Since the finding was a fire protection-related finding and the licensee was in transition to National Fire Protection Association (NFPA) 805, the licensee completed a quantitative risk assessment evaluation for this issue using the methodology contained in IMC 0609 Appendix F. The licensees evaluation concluded that the finding was not associated with a finding of high safety significance based on calculated changes in core damage frequency for the four separate fire areas affected by this issue.

A Region III senior risk analyst and fire protection engineer reviewed the licensees evaluation and agreed with the licensees overall conclusion that the risk significance associated with this issue was less than the red risk threshold.

This licensee-identified finding involved a violation of 10 CFR 50, Appendix B, Criterion III, Design Control. The enforcement aspects of this violation are discussed in Section 4OA7 of this report. Documents reviewed as part of this inspection are listed in the Attachment. Revisions 0 and 1 of this LER are closed.

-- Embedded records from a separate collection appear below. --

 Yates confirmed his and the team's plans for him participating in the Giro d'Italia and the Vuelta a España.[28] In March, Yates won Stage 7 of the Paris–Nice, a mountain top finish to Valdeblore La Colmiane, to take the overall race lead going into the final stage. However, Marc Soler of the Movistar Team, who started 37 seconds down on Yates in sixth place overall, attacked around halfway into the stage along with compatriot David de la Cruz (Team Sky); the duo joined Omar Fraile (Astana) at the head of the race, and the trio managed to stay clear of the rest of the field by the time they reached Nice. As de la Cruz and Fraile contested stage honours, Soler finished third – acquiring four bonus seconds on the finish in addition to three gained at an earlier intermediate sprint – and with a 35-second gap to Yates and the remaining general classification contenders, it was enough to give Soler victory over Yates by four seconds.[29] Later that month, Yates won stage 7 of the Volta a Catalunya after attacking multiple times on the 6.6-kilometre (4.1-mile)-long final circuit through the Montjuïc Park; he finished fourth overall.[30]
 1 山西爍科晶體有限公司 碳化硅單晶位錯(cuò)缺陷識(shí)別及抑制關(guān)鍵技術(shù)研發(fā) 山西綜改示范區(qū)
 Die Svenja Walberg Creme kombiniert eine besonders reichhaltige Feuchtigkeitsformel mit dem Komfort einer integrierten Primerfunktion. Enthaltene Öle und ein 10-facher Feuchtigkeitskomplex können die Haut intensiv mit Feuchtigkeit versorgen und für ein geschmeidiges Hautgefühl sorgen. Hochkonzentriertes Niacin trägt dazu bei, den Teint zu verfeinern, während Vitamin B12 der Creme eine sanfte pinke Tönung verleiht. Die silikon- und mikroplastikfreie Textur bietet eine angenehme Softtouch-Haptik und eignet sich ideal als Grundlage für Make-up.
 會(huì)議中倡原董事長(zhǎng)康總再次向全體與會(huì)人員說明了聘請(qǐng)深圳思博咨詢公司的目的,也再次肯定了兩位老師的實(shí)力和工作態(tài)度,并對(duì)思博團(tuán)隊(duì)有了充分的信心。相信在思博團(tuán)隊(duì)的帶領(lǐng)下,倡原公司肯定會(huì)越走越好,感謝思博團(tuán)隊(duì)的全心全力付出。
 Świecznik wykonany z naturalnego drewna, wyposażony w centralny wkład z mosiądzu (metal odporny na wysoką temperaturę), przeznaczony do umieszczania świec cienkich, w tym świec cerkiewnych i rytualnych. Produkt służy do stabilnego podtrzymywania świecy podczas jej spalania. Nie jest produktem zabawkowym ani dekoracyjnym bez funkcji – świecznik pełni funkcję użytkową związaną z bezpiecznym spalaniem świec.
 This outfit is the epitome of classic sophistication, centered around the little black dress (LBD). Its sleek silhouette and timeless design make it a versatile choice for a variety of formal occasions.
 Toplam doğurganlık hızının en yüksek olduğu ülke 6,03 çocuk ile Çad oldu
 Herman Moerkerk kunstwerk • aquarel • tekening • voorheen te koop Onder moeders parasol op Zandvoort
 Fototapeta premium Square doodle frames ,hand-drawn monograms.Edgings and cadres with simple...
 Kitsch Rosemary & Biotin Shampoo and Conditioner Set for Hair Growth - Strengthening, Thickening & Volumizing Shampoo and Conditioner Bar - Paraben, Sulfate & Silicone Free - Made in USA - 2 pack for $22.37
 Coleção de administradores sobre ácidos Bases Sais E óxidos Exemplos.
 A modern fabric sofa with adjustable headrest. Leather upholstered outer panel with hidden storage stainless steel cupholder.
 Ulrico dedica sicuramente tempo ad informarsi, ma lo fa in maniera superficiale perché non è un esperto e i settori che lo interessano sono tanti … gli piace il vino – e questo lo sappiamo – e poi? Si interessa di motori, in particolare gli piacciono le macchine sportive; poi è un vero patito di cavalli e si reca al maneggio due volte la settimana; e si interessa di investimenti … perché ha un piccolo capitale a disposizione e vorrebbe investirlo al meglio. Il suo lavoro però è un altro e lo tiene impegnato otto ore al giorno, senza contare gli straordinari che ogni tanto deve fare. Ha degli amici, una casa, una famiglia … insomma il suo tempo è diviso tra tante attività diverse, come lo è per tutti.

This event follow-up review constituted one sample as defined in IP 71153-05.

.2 (Closed) Licensee Event Report 05000263-2009-004-00: Missed Technical

Specification Action for Failed Technical Specification Surveillance on Standby Gas Treatment System

a. Inspection Scope

On July 1, 2009, during the performance of a TS surveillance test, an out-of-band reading was taken during a procedure step that was specified as an acceptance criteria step for the procedure. The impact of this out-of-band parameter on the operability of the system was not recognized until later reviews of the completed surveillance procedure, and resulted in the licensee not entering the required TS action statement.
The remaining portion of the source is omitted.